Operational Metadata
If you want to use operational metadata (OMD files) collected during job runs to resolve any type of parameter in your jobs, put the OMD files in the folder defined in the datastage.omd.files.directory
property.
Step 4: Setting Memory Allocation
To successfully analyze DataStage jobs, the minimum memory allocation for DatastageDataflowScenario should be 20x the size of the largest export file. You can change the maximum allowed allocated memory for a lineage analysis scenario as per
Configure Runtime and Limitations. For example, for an XML export of 200MB, the SCENARIO_LOAD_MEMORY
should be set to 4096
(4GB); the default setting is 3GB, so the change is only required for XML exports larger than
150MB.
Optional Additional Steps
Applicable only in certain situations, as described in each case.
Step 5: ODBC Connection Definition Settings
It is very common to use ODBC connections in InfoSphere DataStage jobs to connect to the database. ODBC connections may contain critical pieces of information for successful lineage analysis such as database and schema names. Definitions of ODBC connections are not included in the DataStage XML exports and need to be specified separately.
-
Create or open the file referenced by the
datastage.odbc.connection.definition.file
property (e.g.,<MANTA_DIR_HOME>/input/datastage/${datastage.extractor.server}/connection_definition/odbcConnectionDefinition.ini
). -
Follow the instructions in Manually Define a Database Connection and see How to Convert the odbc.ini File into a Manta Connections File for automation options.
Step 6: Overriding Component Data Lineage (Optional)
It is possible to specify or override the lineage for components between their inputs and outputs.
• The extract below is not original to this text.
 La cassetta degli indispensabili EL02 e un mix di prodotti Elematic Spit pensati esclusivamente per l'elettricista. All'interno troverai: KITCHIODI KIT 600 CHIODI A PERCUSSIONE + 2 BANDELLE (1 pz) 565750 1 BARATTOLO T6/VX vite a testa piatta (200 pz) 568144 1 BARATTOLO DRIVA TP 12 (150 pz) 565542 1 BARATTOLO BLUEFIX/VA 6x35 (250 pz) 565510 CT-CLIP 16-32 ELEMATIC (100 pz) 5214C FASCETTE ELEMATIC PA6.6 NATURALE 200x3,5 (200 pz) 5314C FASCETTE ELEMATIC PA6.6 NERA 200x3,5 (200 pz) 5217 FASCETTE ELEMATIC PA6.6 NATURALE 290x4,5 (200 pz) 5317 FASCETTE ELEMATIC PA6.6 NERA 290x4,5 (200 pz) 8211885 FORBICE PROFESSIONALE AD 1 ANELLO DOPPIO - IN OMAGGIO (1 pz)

This is useful in cases where the component lineage is not analyzed or the result of the analysis may not be complete. A typical case is when there are unsupported components that by default have component inputs connected to outputs by name (if there is a match) or everything to everything, which may provide inaccurate lineage. Another good example is when lineage for programmable components is overridden with, for example, C# code that Manta Data Lineage does not analyze. Overriding the default lineage for such components allows admins to make the lineage more accurate.
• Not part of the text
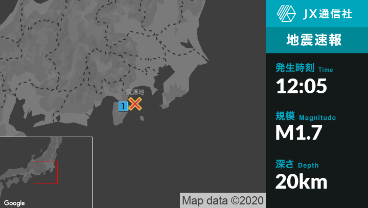 12月14日 12時05分頃発生した地震(最大震度1)

Note that this feature is not suitable for handling unsupported sources and targets. For example, if there is an issue connecting the DataStage job to the underlying database, this feature is not applicable as it overrides the lineage within a component between its input and output ports.
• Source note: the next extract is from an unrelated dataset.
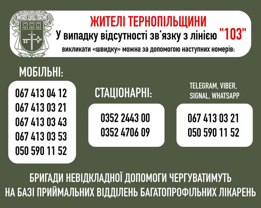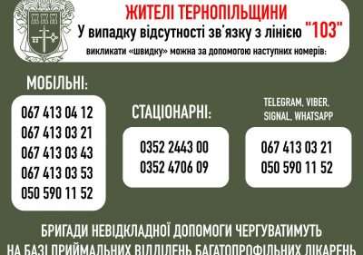 Жителі Тернопільщини, якщо з якихось причин не працює лінія “103”, ви можете зв‘язатися зі “швидкою” за номерами “101” та “112”. Рятувальники оперативно повідомлять медиків по рації. Про це повідомив начальник Тернопільської ОВА Володимир Труш.

To override component lineage, create a file as specified in the common property datastage.manual.mapping.file
. The format of the CSV is:
"Full path to Stage";"Input Link name";"Input Column name";"Output Link name";"Output Column name";"Edge Type (DIRECT | FILTER)";"Description (optional)"
"manual_mapping_job/Generic_3";"DSLink2";"a";"DSLink5";"b";"DIRECT";""
The path to the stage is in the format
Job/[Shared and Local containers optional]/Stage
.